# EXERCISE GOAL
Each entry below should be returned exactly as is, with the pictures removed.

# Records from a dataset
☆ ☆ ☆ ☆ ☆

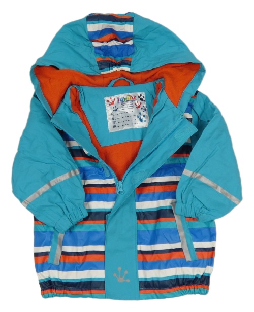 Pruhovano-modrozelená nepromokavá podzimní bunda s kapucí lupilu
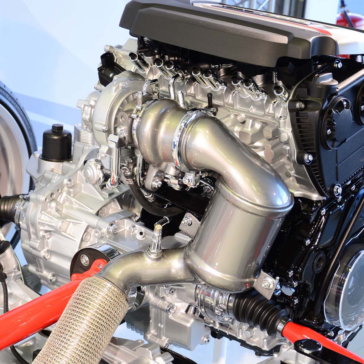 | TTS的310匹馬力引擎採用電動馬達控制的排氣洩壓閥,排氣管頭段與氣缸上座為一體成形製品,縮短進氣路徑並增加渦輪葉片的作動反應。 |
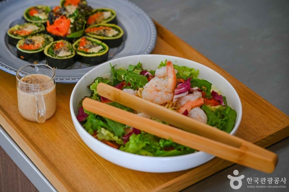 독특한 외관에 눈길이 먼저 가는 카페 곰곰(더씨앗)은 로컬 식재료를 활용한 음료와 브런치를 맛볼 수 있으며 쿠킹 클래스와 제철 과일은 활용한 카빙 체험까지 가능하다. 신선한 식재료를 활용한 브런치, 파스타, 롤, 샌드위치와 특별메뉴인 카페 곰곰이 위치해있는 옹춘의 배로 만든 배 에이드까지 즐길 수 있다. 카페 곰곰의 대표 메뉴인 ‘곰곰 롤’을 직접 만들어보는 체험도 가능하며, 체험은 별도 문의(전화)가 필요하다.
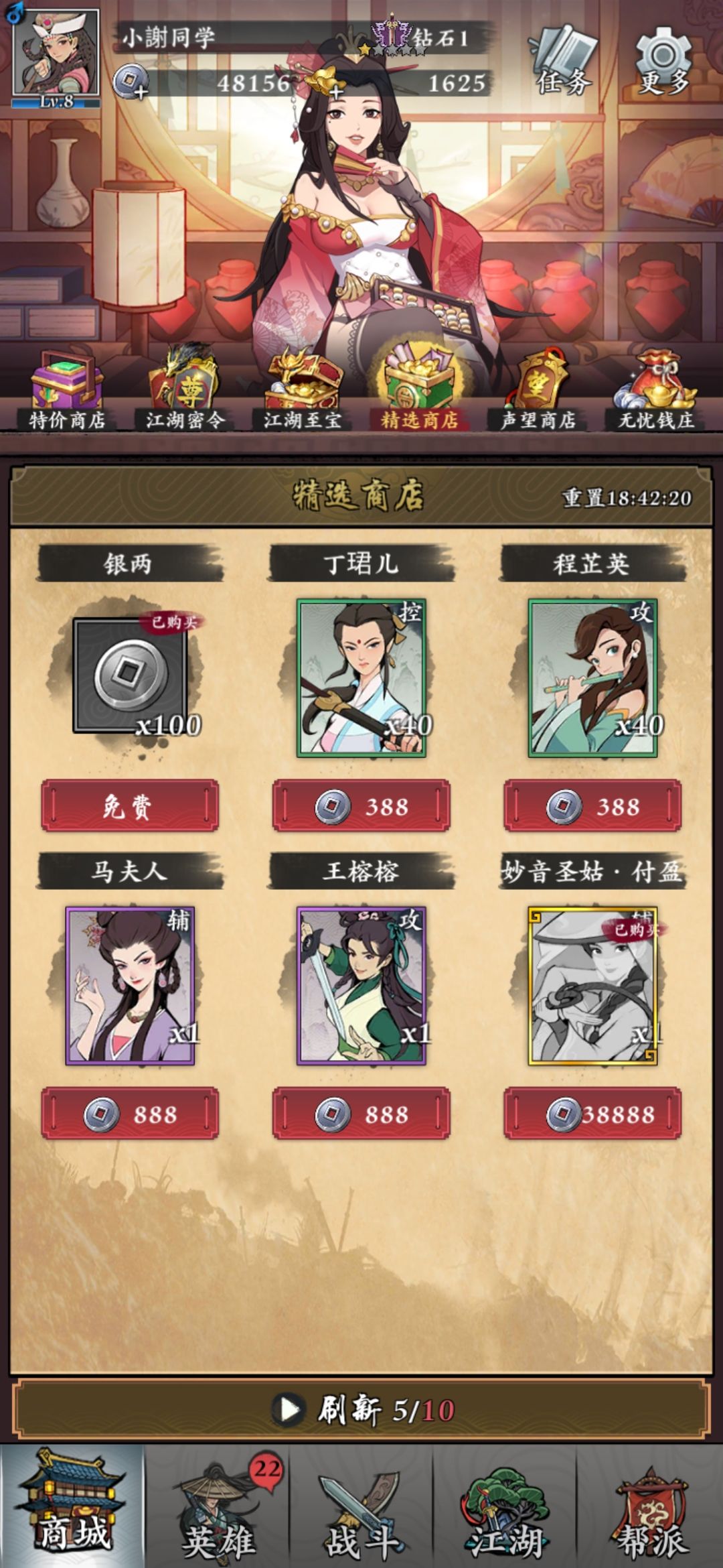 上面这个阵容可以根据自己的辅助情况灵活变通,不怎么推荐虚竹,因为和老张不怎么配合,又拖节奏容易卡牌。
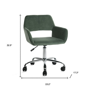 Green and Silver Upholstered and Steel Adjustable Swivel Rolling Office Chair
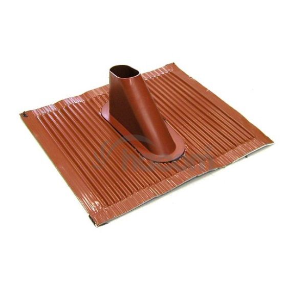 Hliníková červená (tehlová) strešná škridla umožňujúca prestup stožiaru i káblov cez strechu. Pre stožiar o maximálnej veľkosti 55 mm.
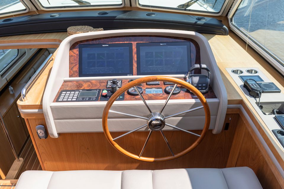 Im Steuerhaus ist das Armaturenbrett mit allen erdenklichen Navigationstools ausgestattet und über der Steuerbank befindet sich das Variotop, das elektrisch betrieben wird. Im Steuerhaus gibt es ausreichend Sitzgelegenheiten und es gibt auch eine kleine Küchenzeile mit einem zusätzlichen Kühlschrank. Dieser Teil des Schiffes ist mit massiven Türen komplett abschließbar und beheizbar. Darüber hinaus gibt es auf dem Achterdeck ein geräumiges Sofa mit höhenverstellbarem Tisch, das sich leicht in ein Lounge-Bett umwandeln lässt. Dieser Teil, das Achterdeck, kann auch mit einem Cabrioverdeck komplett geschlossen werden (auf den Fotos nicht abgebildet). . Die Badeplattform wurde verlängert und ist versenkbar, sodass das Schwimmen noch mehr Spaß macht!
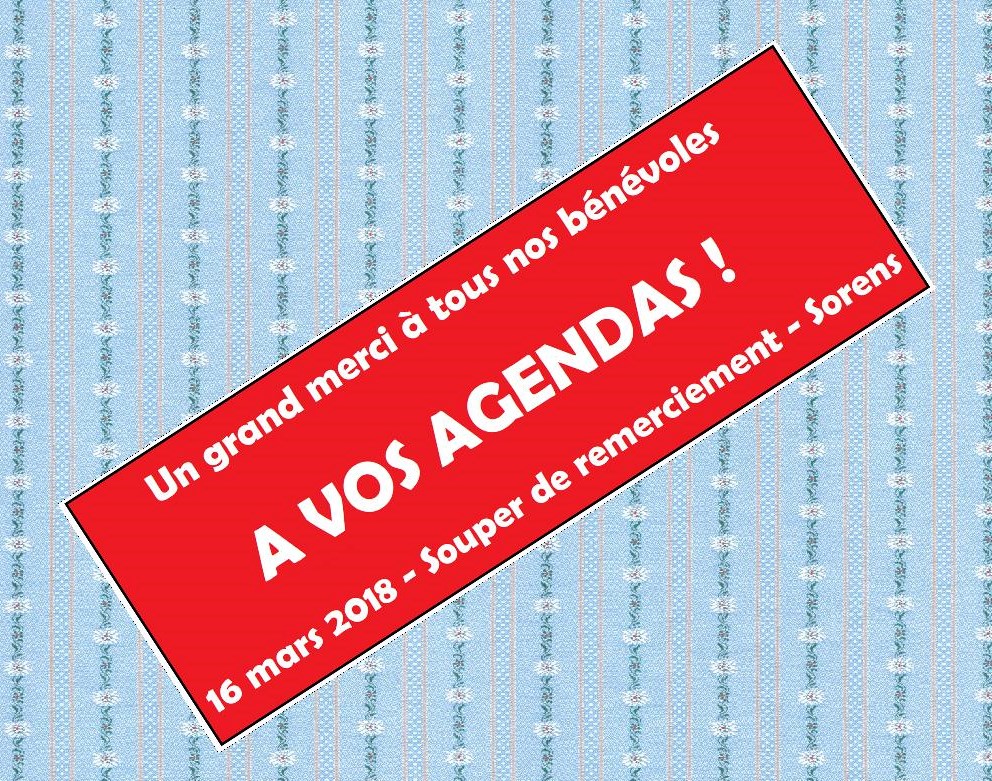 Grâce à l'aide précieuse de vous tous, bénévoles, la fête fût belle. Afin de vous remercier, nous vous invitons à partager un repas et à passer une soirée conviviale en compagnie des membres de l'Echo du Gibloux, le vendredi 16 mars 2018 à la halle poylvalente de Sorens. Une invitation personnelle suivra.
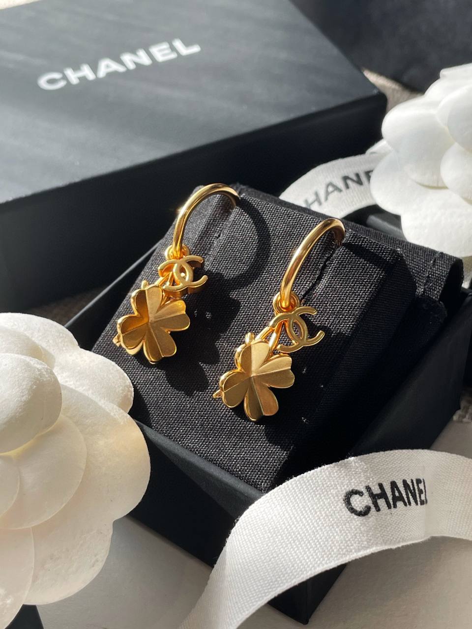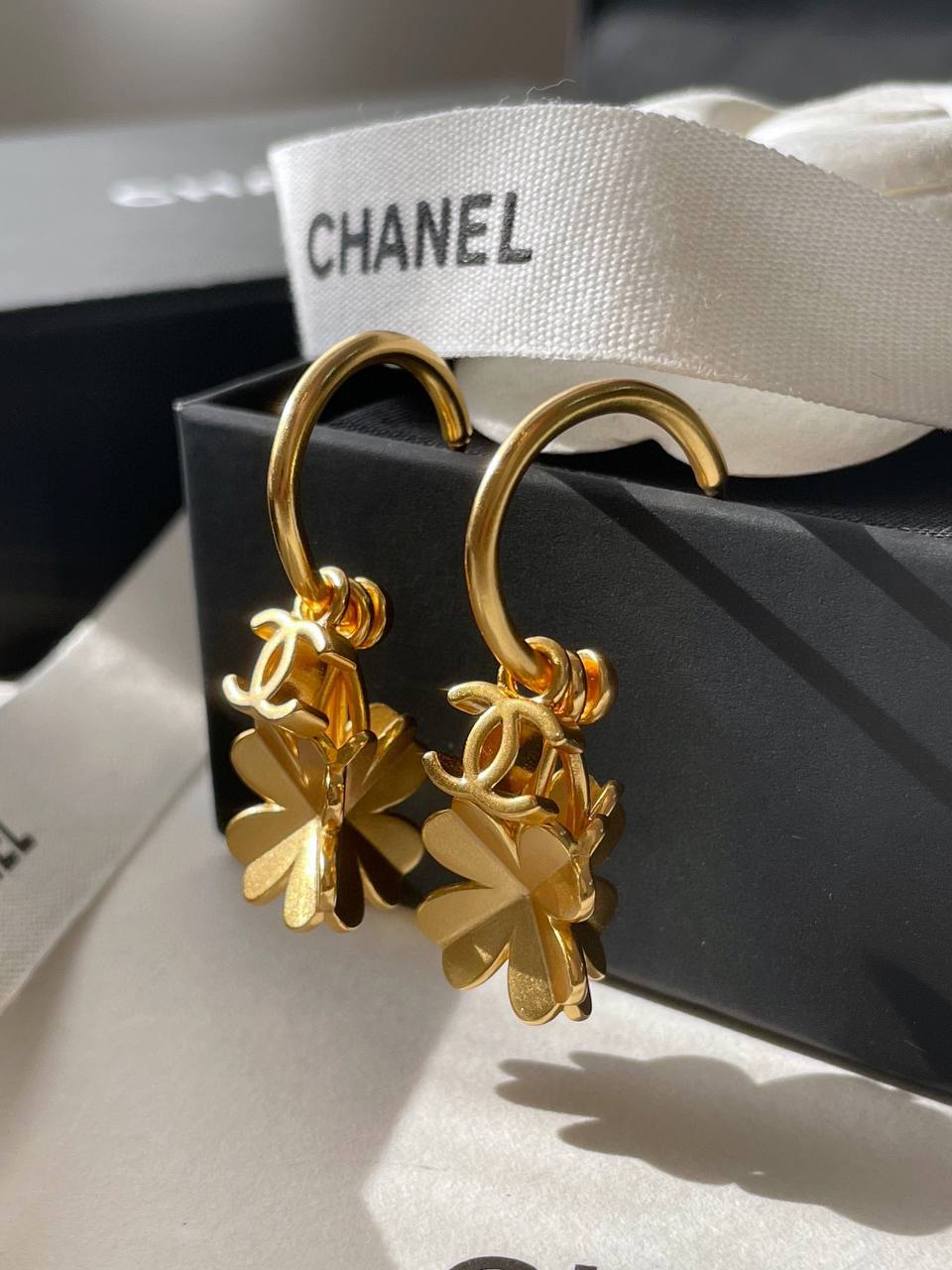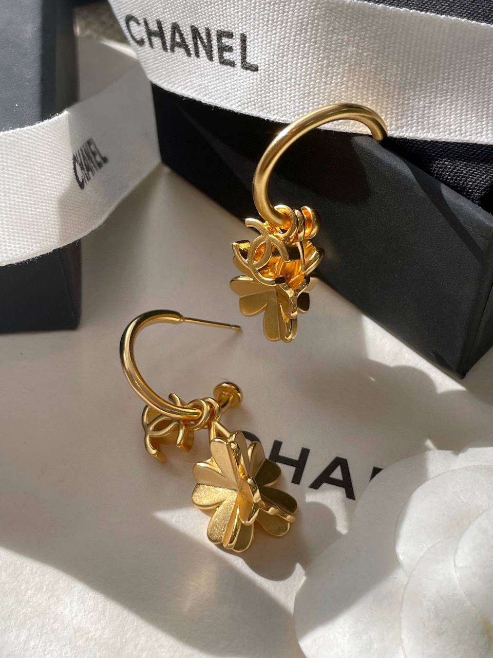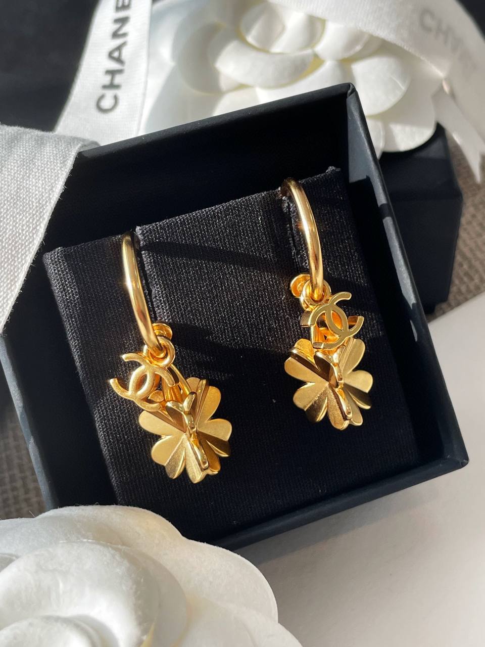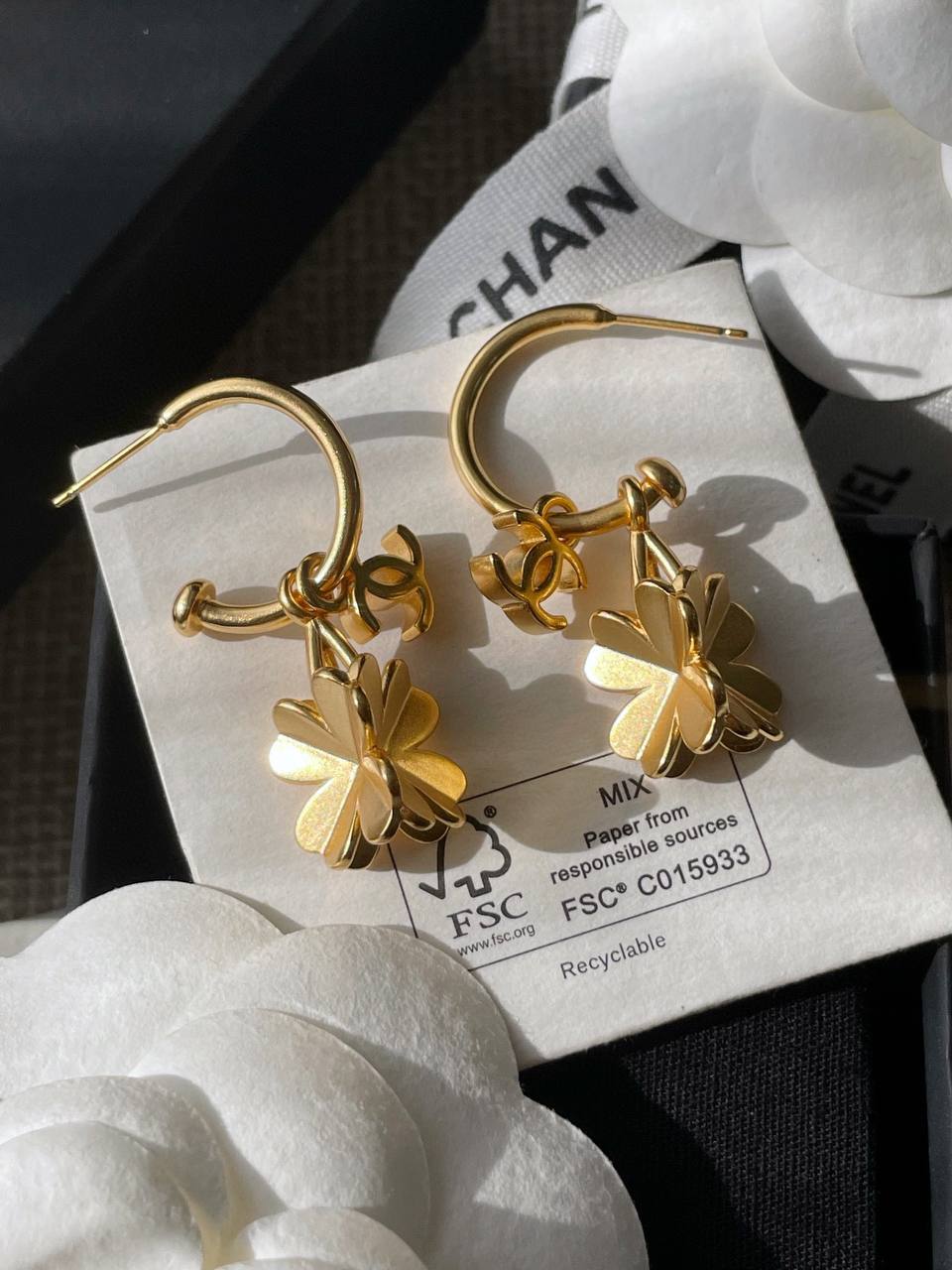 2024秋冬 C家雙吊墜立體四葉草耳鈎
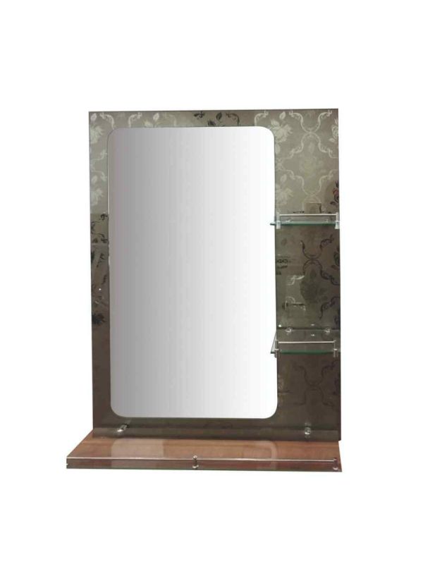 Brand: Cera Product Name: Shelf Mirror 800x600mm Item Code: B3510144 Size: 800x600mm Material: Glass Color: Chrome 5mm thick glass mirror with double coat for protection and longevity, 3 shelves with 5mm clear glass and stainless rails and silver plating on the back for better reflection.

☆ ☆ ☆ ☆ ☆

# RESPONSE TO THIS EXERCISE
 Pruhovano-modrozelená nepromokavá podzimní bunda s kapucí lupilu
 | TTS的310匹馬力引擎採用電動馬達控制的排氣洩壓閥,排氣管頭段與氣缸上座為一體成形製品,縮短進氣路徑並增加渦輪葉片的作動反應。 |
 독특한 외관에 눈길이 먼저 가는 카페 곰곰(더씨앗)은 로컬 식재료를 활용한 음료와 브런치를 맛볼 수 있으며 쿠킹 클래스와 제철 과일은 활용한 카빙 체험까지 가능하다. 신선한 식재료를 활용한 브런치, 파스타, 롤, 샌드위치와 특별메뉴인 카페 곰곰이 위치해있는 옹춘의 배로 만든 배 에이드까지 즐길 수 있다. 카페 곰곰의 대표 메뉴인 ‘곰곰 롤’을 직접 만들어보는 체험도 가능하며, 체험은 별도 문의(전화)가 필요하다.
 上面这个阵容可以根据自己的辅助情况灵活变通,不怎么推荐虚竹,因为和老张不怎么配合,又拖节奏容易卡牌。
 Green and Silver Upholstered and Steel Adjustable Swivel Rolling Office Chair
 Hliníková červená (tehlová) strešná škridla umožňujúca prestup stožiaru i káblov cez strechu. Pre stožiar o maximálnej veľkosti 55 mm.
 Im Steuerhaus ist das Armaturenbrett mit allen erdenklichen Navigationstools ausgestattet und über der Steuerbank befindet sich das Variotop, das elektrisch betrieben wird. Im Steuerhaus gibt es ausreichend Sitzgelegenheiten und es gibt auch eine kleine Küchenzeile mit einem zusätzlichen Kühlschrank. Dieser Teil des Schiffes ist mit massiven Türen komplett abschließbar und beheizbar. Darüber hinaus gibt es auf dem Achterdeck ein geräumiges Sofa mit höhenverstellbarem Tisch, das sich leicht in ein Lounge-Bett umwandeln lässt. Dieser Teil, das Achterdeck, kann auch mit einem Cabrioverdeck komplett geschlossen werden (auf den Fotos nicht abgebildet). . Die Badeplattform wurde verlängert und ist versenkbar, sodass das Schwimmen noch mehr Spaß macht!
 Grâce à l'aide précieuse de vous tous, bénévoles, la fête fût belle. Afin de vous remercier, nous vous invitons à partager un repas et à passer une soirée conviviale en compagnie des membres de l'Echo du Gibloux, le vendredi 16 mars 2018 à la halle poylvalente de Sorens. Une invitation personnelle suivra.
 2024秋冬 C家雙吊墜立體四葉草耳鈎
 Brand: Cera Product Name: Shelf Mirror 800x600mm Item Code: B3510144 Size: 800x600mm Material: Glass Color: Chrome 5mm thick glass mirror with double coat for protection and longevity, 3 shelves with 5mm clear glass and stainless rails and silver plating on the back for better reflection.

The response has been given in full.